Ottimizzare FunctionGemma 270M per le Azioni mobili

Panoramica

Mobile Actions è un'app demo in cui gli utenti possono attivare azioni sul proprio dispositivo tramite input vocale o di testo. Reinterpreta l'interazione con l'assistente come una funzionalità completamente offline. Che si tratti di "Crea un evento nel calendario per il pranzo di domani", "Aggiungi Giovanni ai miei contatti" o "Accendi la torcia", il modello analizza il linguaggio naturale e identifica lo strumento del sistema operativo corretto per eseguire il comando.

Questa guida ti mostra come:

  1. Ottimizzazione del modello FunctionGemma 270M utilizzando il set di dati Mobile Actions
  2. Deployment del modello personalizzato nella galleria Google AI Edge

Potrai imparare tutto il processo, dall'ottimizzazione di un modello al suo deployment sul dispositivo.

Passaggio 1: esegui il fine tuning di FunctionGemma con il set di dati Mobile Actions

FunctionGemma è un modello con 270 milioni di parametri basato sull'architettura Gemma 3. È stato addestrato specificamente per la chiamata di funzione, consentendogli di tradurre le richieste in linguaggio naturale in chiamate di funzione.

Questo modello è piccolo ed efficiente al punto giusto per essere eseguito su un cellulare, ma come accade spesso per i modelli di queste dimensioni, richiede un'ottimizzazione per specializzarlo per l'attività che deve svolgere.

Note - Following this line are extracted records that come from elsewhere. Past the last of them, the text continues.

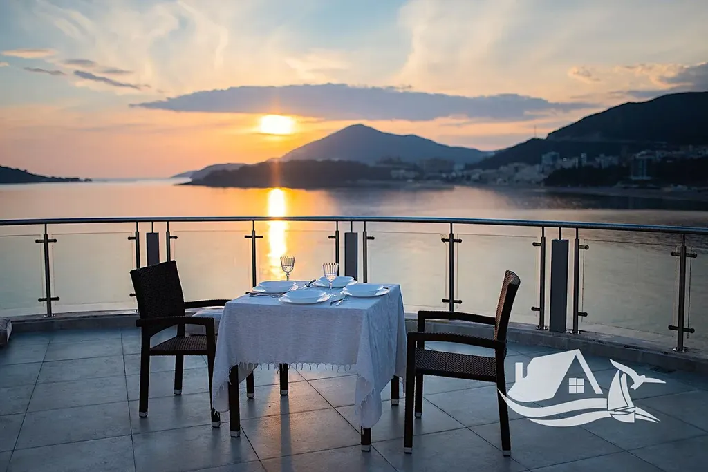 Apartmán má celkovou plochu 180 m² a je navržen s důrazem na pohodlí a praktičnost. Nacházejí se zde dvě prostorné ložnice a velká koupelna s luxusním sprchovým koutem. Hlavní chloubou této nemovitosti je terasa o rozloze 83 m², která nabízí jedinečné výhledy na hlavní atrakce regionu: ikonický ostrov Sveti Stefan, ostrov Sveti Nikola (známý jako Školský ostrov), majestátní balkánské hory a krásnou promenádu. Celý apartmán je plně zařízen a vybaven moderními spotřebiči, což umožňuje okamžité nastěhování.
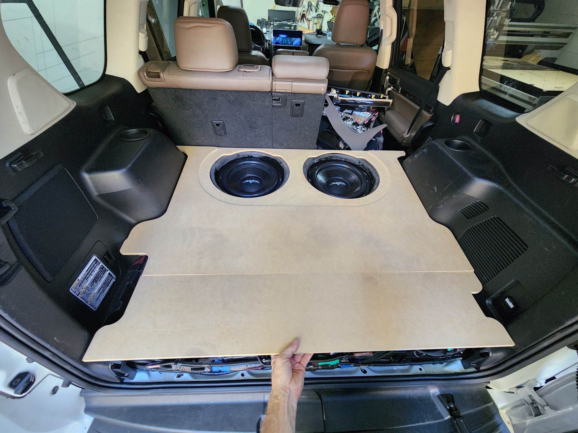 This is how it looks both during and after install. I put the LC2i and Amp behind the 2nd row and underneath the 3rd row when folded down. Our kids are older so we never use the 3rd row at all. I had this same setup in my previous GX and put the amp and LOC underneath the driver seat, and while it was mostly out of sight, it stuck out a bit too much in the 2nd row footwell and people would oftentimes accidentally kick or bump it with their feet. The JL bass control **** is mounted on the dash trim piece just to the left of the steering wheel. Clean and easy to install there.
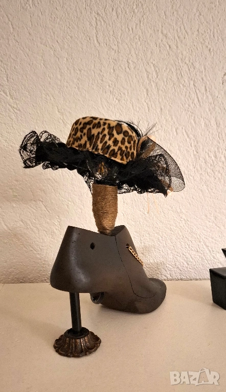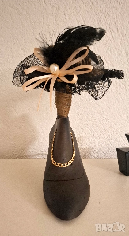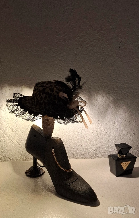 Силуетът е подчертан от декоративна дамска шапка с фина дантела, сатенена панделка, перлен акцент и ефирни пера. Златистата верижка допълва композицията с деликатен блясък и усещане за висша мода.
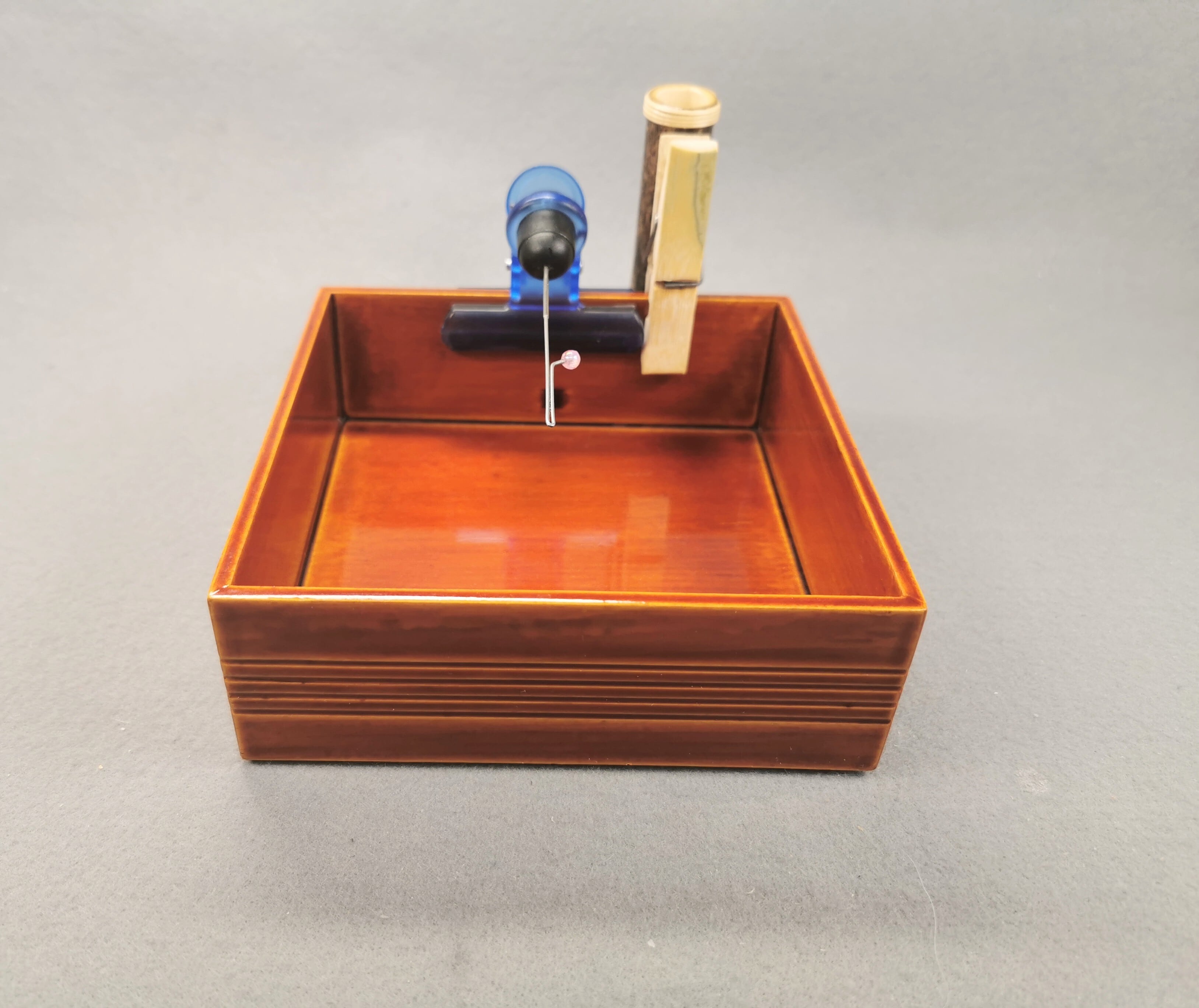 木地師と塗師が伝統技法を駆使し、自然な木目を活かし天然漆を塗り上げた非常に美しい飛騨春慶塗りの重箱を利用した落とし桶でで、付属する商品は紀州産黒竹を使用した竿休め、そしてオリジナルグリップ針外しをセットしたポン太工房オリジナル商品です。

Per perfezionare FunctionGemma, utilizziamo il set di dati Mobile Actions, che è disponibile pubblicamente su Hugging Face. Ogni voce di questo set di dati fornisce:

  • Il set di strumenti (funzioni) che il modello può utilizzare:
    1. Attiva la torcia
    2. Spegne la torcia
    3. Crea un contatto nell'elenco contatti dello smartphone
    4. Invio di un'email
    5. Mostra una posizione sulla mappa
    6. Apre le impostazioni Wi-Fi.
    7. Crea un nuovo evento nel calendario
  • Il prompt di sistema che fornisce il contesto, ad esempio la data e l'ora correnti
  • Il prompt dell'utente, ad esempio turn on the flashlight.
  • La risposta prevista del modello, incluse le chiamate di funzione appropriate.

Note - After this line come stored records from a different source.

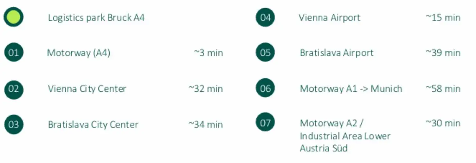 Zentren: Die Wiener Innenstadt ist in ca. 32 Minuten erreichbar, Bratislava in ca. 34 Minuten.
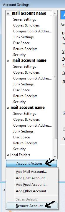 Please note - if that account has any emails stored in it, you will not be able to see those emails, so make sure you have moved any emails you want to keep into a suitable folder in 'Local Folders' mail account before removing the account.
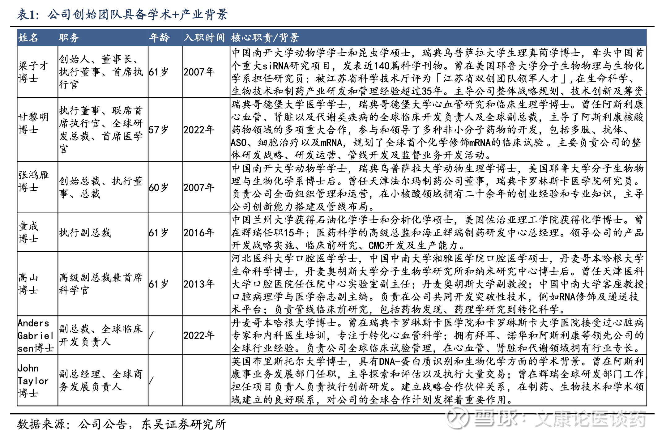 创始团队具备学术+产业背景。团队成员兼具跨国制药企业高管经验、学术科研背景及资本市场运作能力,其中多人曾在阿斯利康、辉瑞等全球顶尖药企担任核心职务,或在高校、科研机构深耕多年,形成了“学术引领 + 产业落地 + 资本赋能”的复合型管理优势。
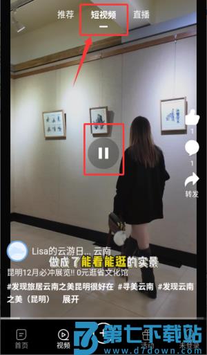 3、进入主界面后选择短视频类别,即可观看并对视频进行控制。
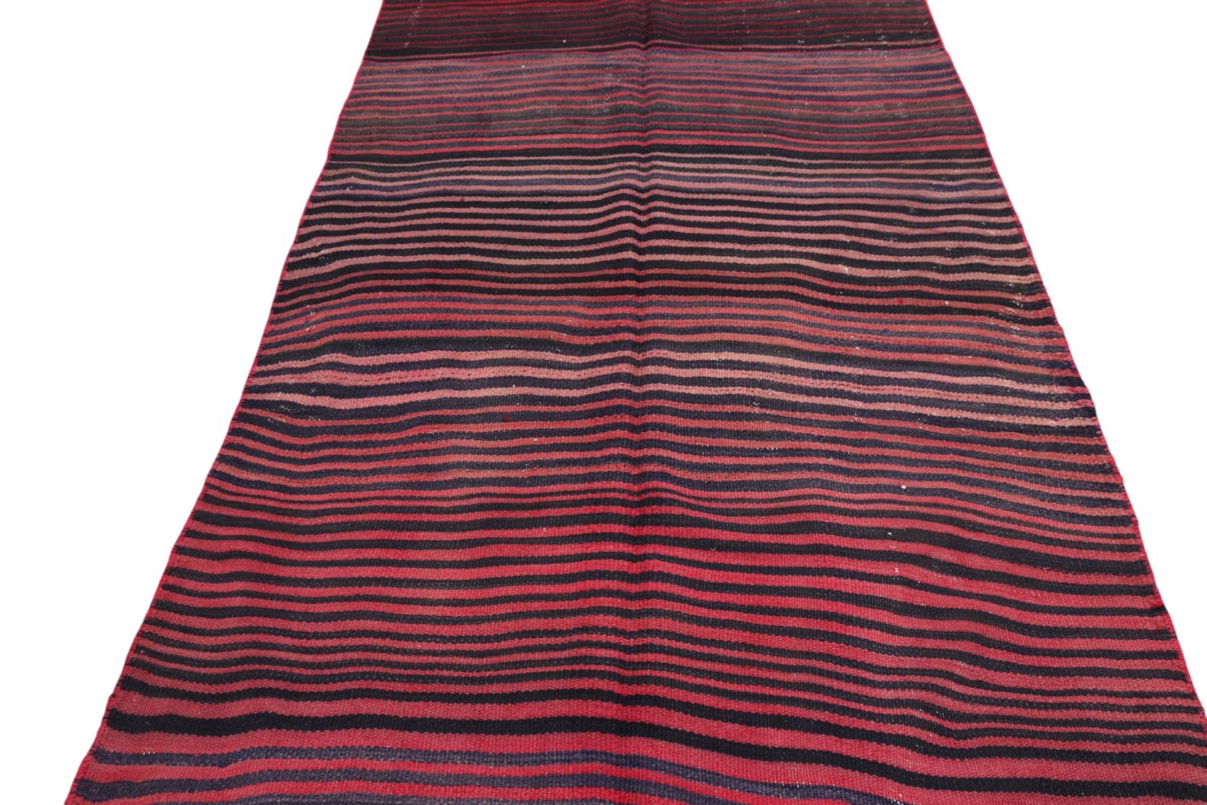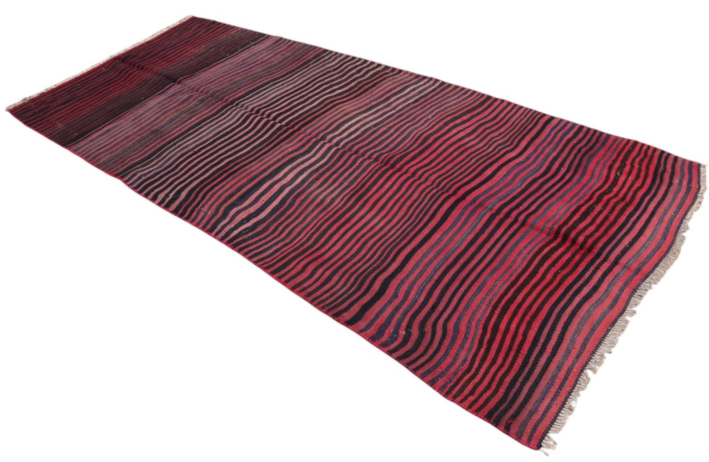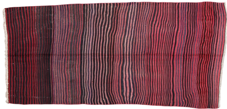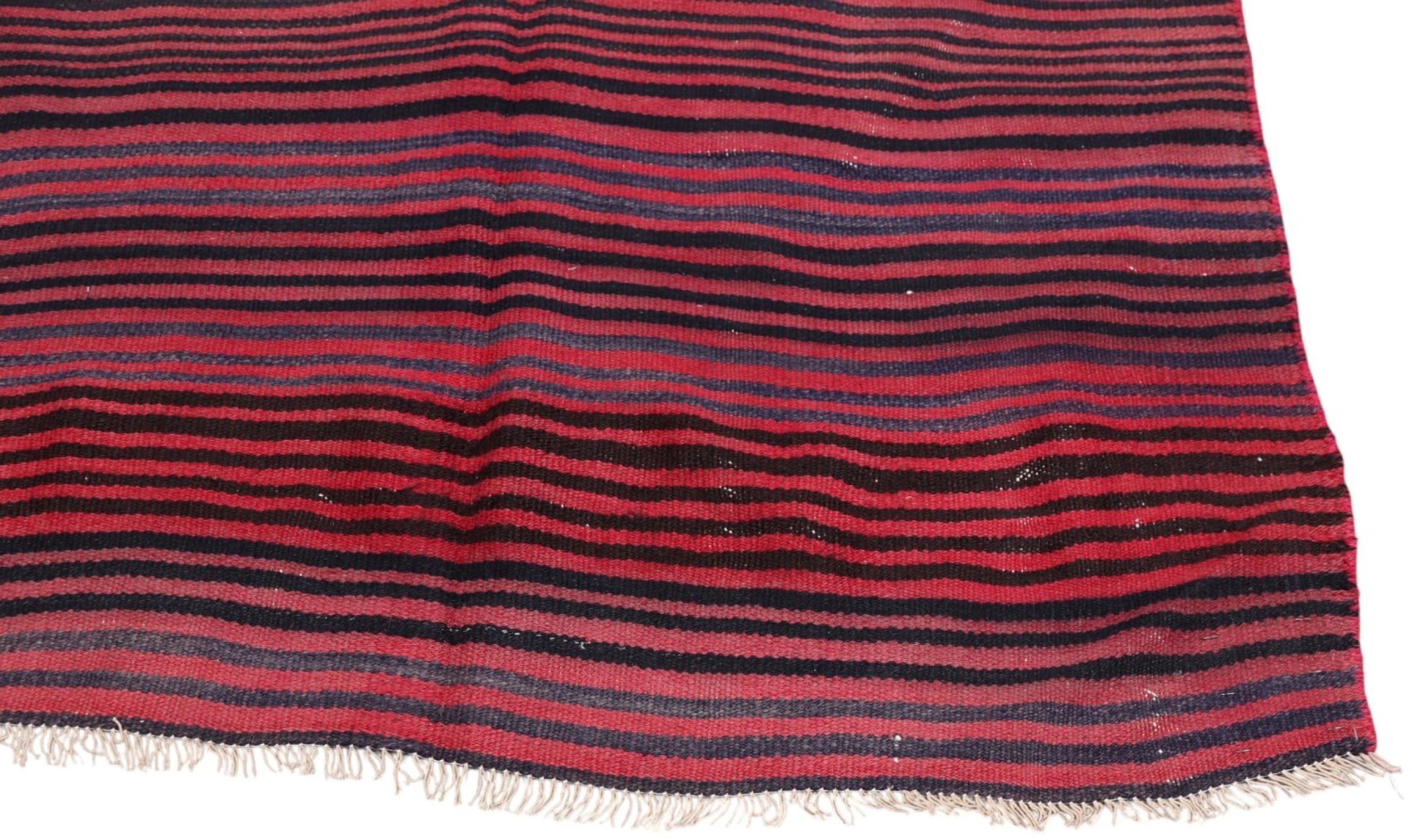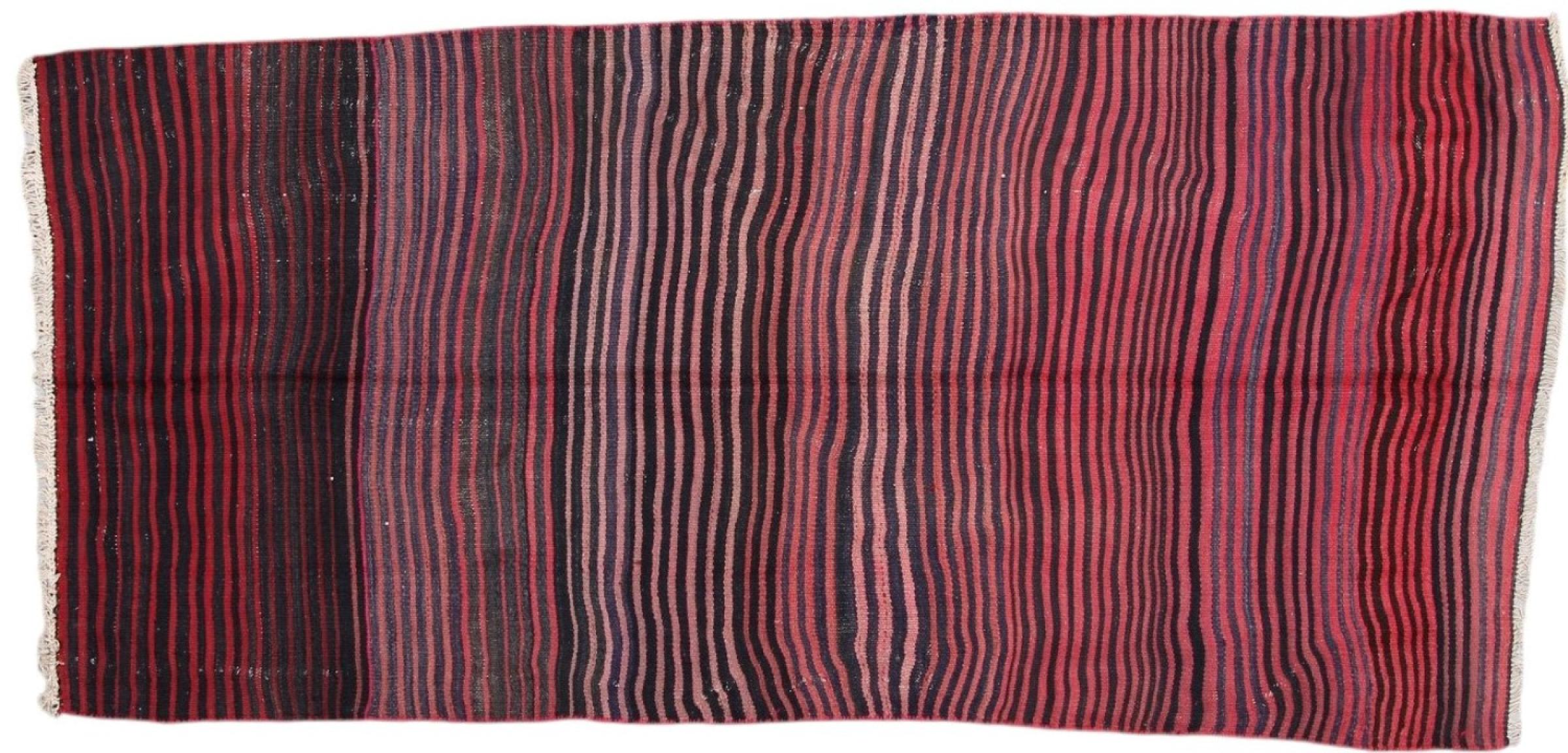 This rug was made as a flat weave by hand on a loom. Flatweave is the term used to describe rugs that have no pile. As the name promises, these rugs are woven and not knotted. This results in a flat rug with a structured surface. Flatweaves are not as soft and usually thinner than knotted rugs. At the same time they are much less complex to manufacture and can usually be laid out from both sides (front and back). Their patterns are usually geometric, which is determined by the fabric.

Ecco come appare la funzione Mostra mappa:

{
  "function": {
    "name": "show_map",
    "description": "Shows a location on the map.",
    "parameters": {
      "type": "OBJECT",
      "properties": {
        "query": {
          "type": "STRING",
          "description": "The location to search for. May be the name of a place, a business, or an address."
        }
      },
      "required": [
        "query"
      ]
    }
  }
}

Il notebook Colab copre tutti i passaggi necessari, tra cui:

  • Configurazione dell'ambiente
  • Caricamento e pre-elaborazione del set di dati Azioni mobile
  • Ottimizzazione del modello utilizzando Hugging Face TRL
  • Conversione del modello nel formato .litertlm per il deployment

Prerequisito: devi utilizzare lo stesso Account Google che hai utilizzato per salvare il file .litertlm nel passaggio 1 e aver eseguito l'accesso con questo account sullo smartphone Android.

Dopo l'ottimizzazione, convertiamo e quantizziamo i pesi del modello nel formato .litertlm.

Puoi eseguire il deployment del modello nell'opzione Google AI Edge Gallery - Azioni mobile scegliendo Load Model e selezionandolo da Google Drive (o da un metodo di distribuzione alternativo). La Galleria Google AI Edge è disponibile sul Google Play Store.

Mobile Actions Finetune Challenge nella galleria Google AI Edge Attività Azioni mobile nella galleria Google AI Edge

Ora puoi provare a dare un comando vocale o a digitare nell'app per vedere come funziona il nuovo modello ottimizzato quando chiama le funzioni a sua disposizione.

Passaggi successivi

Complimenti! Ora sai come ottimizzare un modello con Hugging Face ed eseguirne il deployment sul dispositivo con LiteRT-LM.